---
name: bio-genome-assembly-hifi-assembly
description: Assembles haplotype-resolved diploid and telomere-to-telomere (T2T) genomes from PacBio HiFi reads with hifiasm (HiFi-only, Hi-C, or trio phasing) and verkko (HiFi + ultralong ONT for T2T), extracting contigs from GFA and routing phasing QC to k-mer/trio metrics. Covers why a primary assembly is a haplotype mosaic that exists in no cell, partial-vs-full phasing (the .bp. vs .dip. filename convention), the purge-default trap on inbred samples, the --hom-cov coverage-estimate alarm, and verkko-vs-hifiasm for T2T. Use when assembling a diploid eukaryote from HiFi, phasing haplotypes with parents (trio) or Hi-C, deciding whether to chase T2T, or diagnosing switch errors invisible to N50/BUSCO/QV.
tool_type: cli
primary_tool: hifiasm
---

## Version Compatibility

Reference examples tested with: hifiasm 0.25.0+, yak 0.1+, verkko 2.3+, gfatools 0.5+, meryl 1.4+.

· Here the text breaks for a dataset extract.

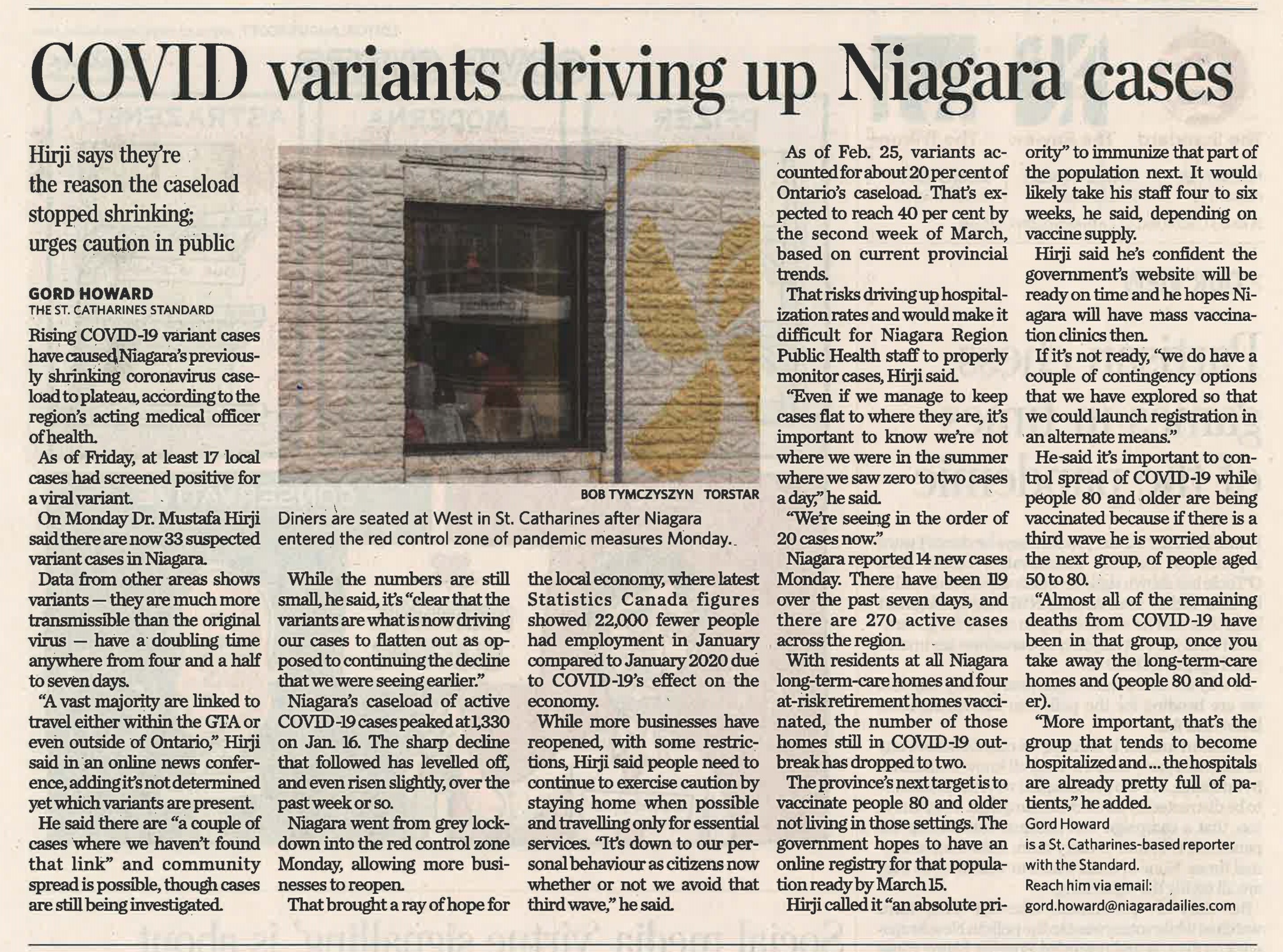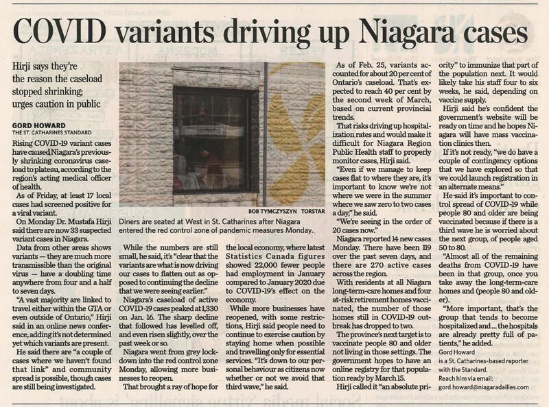- COVID variants driving up Niagara cases : Hirji says they're the reason the caseload stopped shrinking; urges caution in public
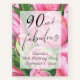 Elegante invitación de fiesta de cumpleaños 90 de Peonies con "90 & Fabulous" en un guión elegante y peonías acuarelas (rosas de peones).

Before using code patterns, verify installed versions match. If versions differ:
- CLI: `<tool> --version` then `<tool> --help` to confirm flags

hifiasm output filenames AND the default purge level are version-dependent: confirm the `.bp.*`/`.dip.*` prefixes and `-l` defaults against `hifiasm --help` and the man page for the installed build before scripting around them. The k-mer-size convention also matters more than the binary version: hifiasm/yak trio uses k=31; verkko/Merqury hap-mers commonly use k=30 - mixing them silently produces garbage hap-mer matching. If a command errors, introspect the installed tool and adapt rather than retrying.

# HiFi Assembly

**"Assemble a diploid genome from HiFi reads"** -> Build two cleanly phased haplotypes (not one mosaic primary) from accurate long reads, choosing the phasing mechanism from the sample type and available data, and validate phasing with k-mer QC the headline metrics cannot see.
- CLI: `hifiasm -o prefix -t 32 reads.hifi.fq.gz` (HiFi-only), `--h1/--h2` (Hi-C), `-1/-2 *.yak` (trio); `verkko --hifi ... --nano ...` (T2T)

## The Single Most Important Modern Insight -- A Primary Assembly Is a Mosaic Chimera, Not a Haplotype

A "primary assembly" is not a genome that exists in any cell. At every heterozygous block the assembler picks one allele, and which one it picks switches arbitrarily from block to block - so the primary is a stitched chimera: maternal here, paternal there, matching no gamete, no parent, no individual. It is a fine *haploid representation* for "roughly where is gene X" and a terrible substrate for anything allele-aware (phased variant calling, allele-specific expression, HLA/KIR typing, compound-heterozygote analysis). HiFi's combination of length AND ~Q30 accuracy made *phased diploid* assembly routine, so the field's deliverable shifted from one collapsed reference to **two phased haplotypes** (and onward to the **pangenome**: each HPRC node is a per-sample phased diploid assembly, Liao 2023 *Nature* 617:312).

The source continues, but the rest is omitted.